Однако к концу 20-х годов партия уже в состоянии была навязывать идеологическое соответствие. Только что началась первая пятилетка, и “буржуазных специалистов” стали выгонять из промышленности и из правительства. Наркомпрос – Народный комиссариат просвещения – находился в руках союзников Сталина, и следующими на очереди были буржуазные специалисты, работавшие в системе образования. “Пора большевикам самим стать специалистами”, – сказал в одной из речей Сталин. А также: “Рабочий класс должен создать себе свою собственную производственно-техническую интеллигенцию”. Он имел в виду нечто совершенно отличное от класса-предшественника: класс служащих, быстро обученных узкой дисциплине, требовавшейся для управления тяжелой промышленностью, класс, куда принимают верных и честолюбивых в награду за убеждения.
Сначала университеты закрыли. Потом на их месте появились многочисленные вузы – высшие учебные заведения – и втузы – высшие технические учебные заведения, обычно случайным образом размещаемые по нескольку в тех же старых помещениях с целью максимизировать отдачу. Так, например, Воронежский институт птицеводства унаследовал от Воронежского сельскохозяйственного института “восемь небольших скамеек, коридор и одну лекционную аудиторию (которой пользовался также Институт механизации”. Студентов набирали большими группами из рядов самой партии, послушных ей профсоюзов, недавно открытых цехов и недавно начавшей голодать деревни.
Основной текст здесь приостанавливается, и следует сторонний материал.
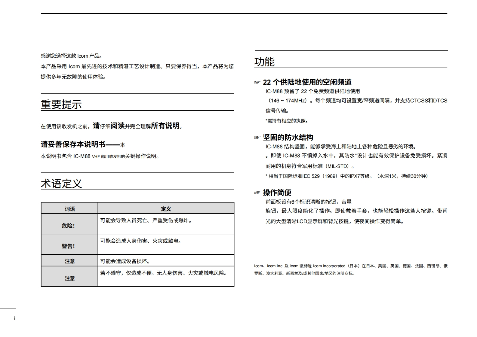 艾可慕IC-M88-Instruction-manual操作说明书手册20260331-中文版找手册网10天前发布关注私信3.77MB53页040艾可慕IC-M88-Instruction-manual操作说明书手册20260331-中文版此内容为付费资源,请付费后查看¥19¥21黄金会员免费钻石会员免费登录购买付费资源 第1页 / 共53页 第2页 / 共53页 第3页 / 共53页 第4页 / 共53页 第5页 / 共53页 第6页 / 共53页 第7页 / 共53页 第8页 / 共53页 第9页 / 共53页 第10页 / 共53页 试读已结束,还剩43页,您可下载完整版后进行离线阅读 THE END艾可慕 文本预览 COM使用说明书VHF船用收发机iM88WATERPROOF本设备符合美国联邦通信委员会(FCC)规则第15部分的规定。使用本设备须确保不会造成有害干扰。6IC-M88TAGU/I/C/LDUACH/WXSCNLOCKH/LIcom Inc.COM 查看更多 收起部分 喜欢就支持一下吧收藏

Эти выдвиженцы на самом деле были представителями рабочего класса, но в основном не в европейском или американском смысле слова: они не принадлежали к урбанизированной массе промышленной бедноты, с давних пор не имевшей привилегий, – нет, они были представителями класса, который стремилась вызвать к жизни сама партийная политика ударной индустриализации. С их появлением система существенно разрослась. Если до перемен заведения, устроенные по старинке, давали около 30 тысяч выпускников в год, то ко второй половине 30-x годов это число приближалось к сотне тысяч. В одной только партии высшее образование получили более 110 тысяч человек, включая Хрущева, Косыгина и Брежнева.
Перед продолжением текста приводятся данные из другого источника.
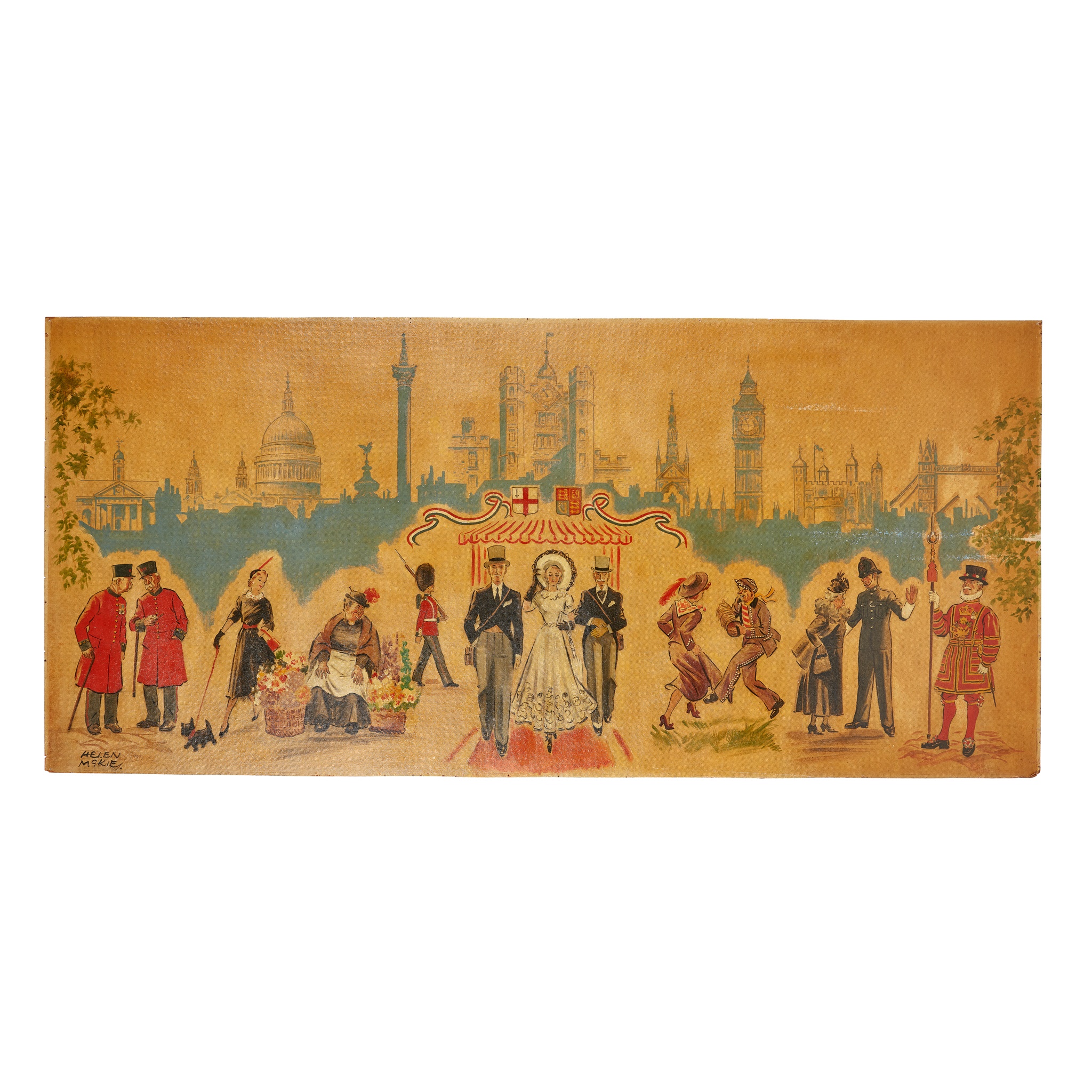 Note: Helen McKie was born in London and attended Lambeth School of Art where she studied composition and painting under Philip Connard. She became an illustrator and permanent member of staff to 'Bystander' magazine from 1915-1929 and was a contributing artist to The Graphic, Sphere, Autocar, and Queen publications. In 1919 she exhibited at Brock Street Art Gallery, and in 1928 at Walkers Galleries, where Queen Mary purchased a picture. She also exhibited at the Paris Salon from 1934-1936 and at the Royal Hibernian Academy in 1936. Mural designs were designed and painted by McKie for amongst others; the Ritz Hotel in London, several Butlins holiday camps including a Bahamas resort, Ford motorcars, the French Government Tourist Office, and Selfridges. This painting was commissioned by the late Grace Laporte and her husband possibly for the walls of her hairdressing salon in Duke Street, St James’s, London.

К тому времени положение дел в высшем образовании в некоторых смыслах устоялось. Хотя затраты были, подобно затратам на любые насущные человеческие нужды, скудными, на то, чтобы прекратить толкотню в задних рядах каждой лекционной аудитории, где двадцати-тридцати студентам приходилось биться за один-единственный учебник, денег было выделено достаточно. Снова ввели приемные экзамены – одних политических рекомендаций стало недостаточно. Потихоньку вернулись традиционные названия и стили работы университетов, в соответствии с личными предпочтениями Сталина, любившего респектабельность и иерархию. Сталин готов был работать с радикалами от образования – это являлось частью его тщательно организованной кампании по уничтожению всех независимых фракций внутри партии, входе которой он по очереди скармливал их друг другу; однако, оказавшись в состоянии диктовать свои вкусы, он захотел, чтобы мальчиков-старшеклассников снова одели в аккуратную форму, как в царские времена. Ему хотелось, чтобы учение выглядело занятием величественным, почитаемым. Партийная соперница старой автономной Академии наук была отправлена в отставку, и усилия сосредоточились на том, чтобы превратить Академию в послушный, надежный инструмент для создания авторитета.
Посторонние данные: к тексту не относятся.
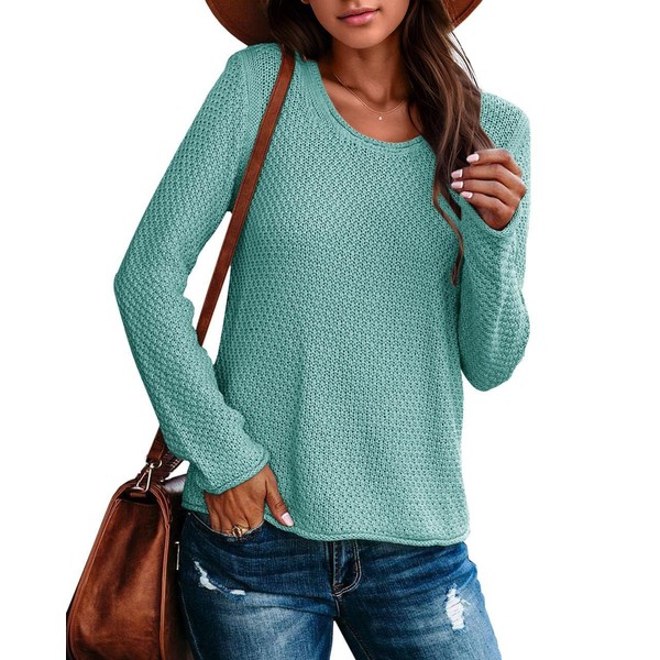 Ebifin Women's Crew Neck Pullover Sweater Solid Color Casual Warm Lightweight Knit Sweaters

Однако перемены в списке дисциплин оказались постоянными. В старых университетах преподавали по европейской либеральной гуманитарной программе. Все это исчезло, дав дорогу техническим дисциплинам. Теперь почти половина студентов изучала инженерное дело по жесткой утилитарной программе, предназначенной для того, чтобы дать народному хозяйству квалифицированных специалистов. После выпуска им полагалось знать все, что требовалось, чтобы в одиночку пойти и запустить электростанцию, или металлургический комбинат, или железнодорожную ветку. Потом шла чистая наука с физикой и математикой впереди, за ними, как ни странно, следовала в качестве бедной родственницы химия, а биология страдала от глубоких идеологических проблем; дальше медицина, которую изучало непропорционально большое количество женщин, и “сельскохозяйственные науки”, предназначенные для поставки специалистов в колхозы. Гуманитарные факультеты были вовсе закрыты – хотя впоследствии пришлось вернуть в дело нескольких историков, чтобы подготовить школьные учебники, набитые цифрами и датами, а также похвалами бывшим правителям, стремившимся к централизации. Литература превратилась в “филологию”, технический предмет, посвященный главным образом преподаванию множества языков, необходимых для управления Советским Союзом. Философия умерла, антропология умерла, социология умерла, юриспруденция с экономикой зачахли – партия считала “общественные науки” своей собственной внутренней технической дисциплиной, которую следовало преподавать внутрипартийным кадрам и раздавать студентам в виде обязательных курсов по марксизму-ленинизму.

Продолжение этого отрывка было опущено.